Well, it seems that smart robots are too big a sideline for the Boulder, Colorado-based Sphero to support on its own. The company has announced plans to spin off its advanced robotics division as a new startup called Misty Robotics. To that end, it’s secured a whopping $11.5 million in financing from Venrock and Foundry Group to hire new talent and develop additional products.

“Sphero, a company well-known for its toy robots, has been working on a personal robot for home and office in stealth mode for the past 18 months,” Tim Enwall, CEO of Misty Robotics, told Digital Trends. “It was time to create a stand-alone company that can be 100 percent focused on developing the product and bringing it to market. The two companies will have a close relationship, but it was time to separate.”

Sphero and Misty aren’t sharing more information than that right now. In its correspondence with Digital Trends, Enwall interestingly used singular rather than plural vernacular to describe plans. Unless we’re reading way too much into it, that suggests the company wants to go beyond creating a range of licensed robots and focus on building one, more fully realized home robot.

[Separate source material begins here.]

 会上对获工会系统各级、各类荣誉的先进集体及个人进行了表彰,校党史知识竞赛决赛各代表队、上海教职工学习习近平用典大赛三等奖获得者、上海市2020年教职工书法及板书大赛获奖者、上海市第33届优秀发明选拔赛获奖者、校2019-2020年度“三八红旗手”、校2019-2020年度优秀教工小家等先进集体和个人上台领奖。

At least, we hope so.

We’ll even go further out on a limb and suggest it’s the little guy from the picture at the top of this post.

Enwall said we can expect the company’s big debut product to launch in 2018. “Misty will have more news about the platform later this year, so stay tuned,” he said.

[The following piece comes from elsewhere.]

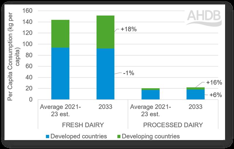 Se proyecta que el consumo per cápita de productos lácteos procesados aumente tanto en los países en desarrollo (+16%) y países desarrollados (+6%).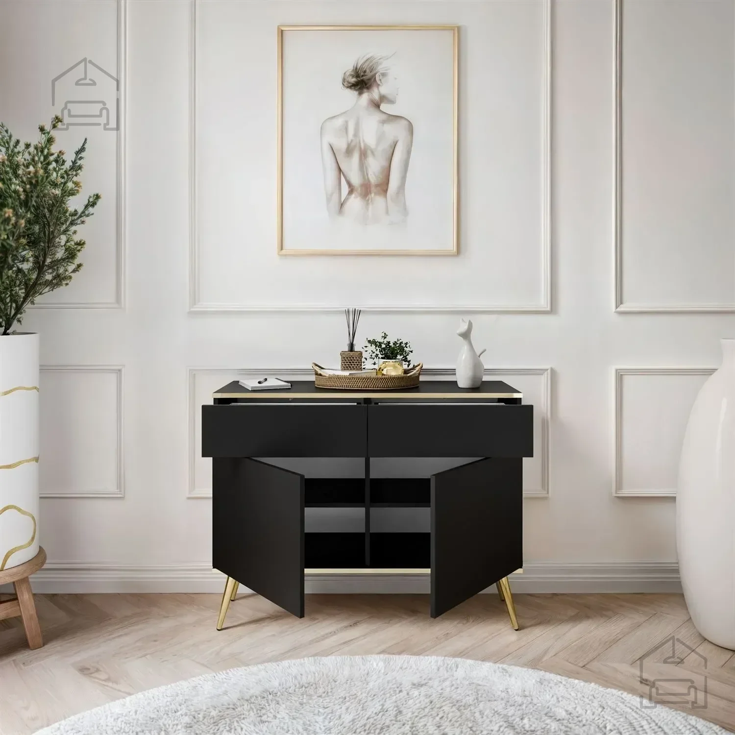 Die Kommode Oro KSZ107 ist nicht nur ein Möbelstück, sondern auch ein Ausdruck von Stil. Ihre schwarze Farbe fügt sich perfekt in jede Inneneinrichtung ein, was eine einfache Kombination mit vorhandenen Möbeln ermöglicht. Hier sind die wichtigsten Vorteile, die diese Kommode zu einer unverzichtbaren Ergänzung für Ihr Zuhause machen:

Given that, so far, the closest thing we’ve gotten to a genuine mass-market home robot is iRobot’s Roomba autonomous vacuum cleaner (and that doesn’t look anywhere near as humanoid as the robot that Misty is teasing), it will be intriguing to see how well it can crack this market.

Luke Dormehl
I'm a UK-based tech writer covering Cool Tech at Digital Trends. I've also written for Fast Company, Wired, the Guardian…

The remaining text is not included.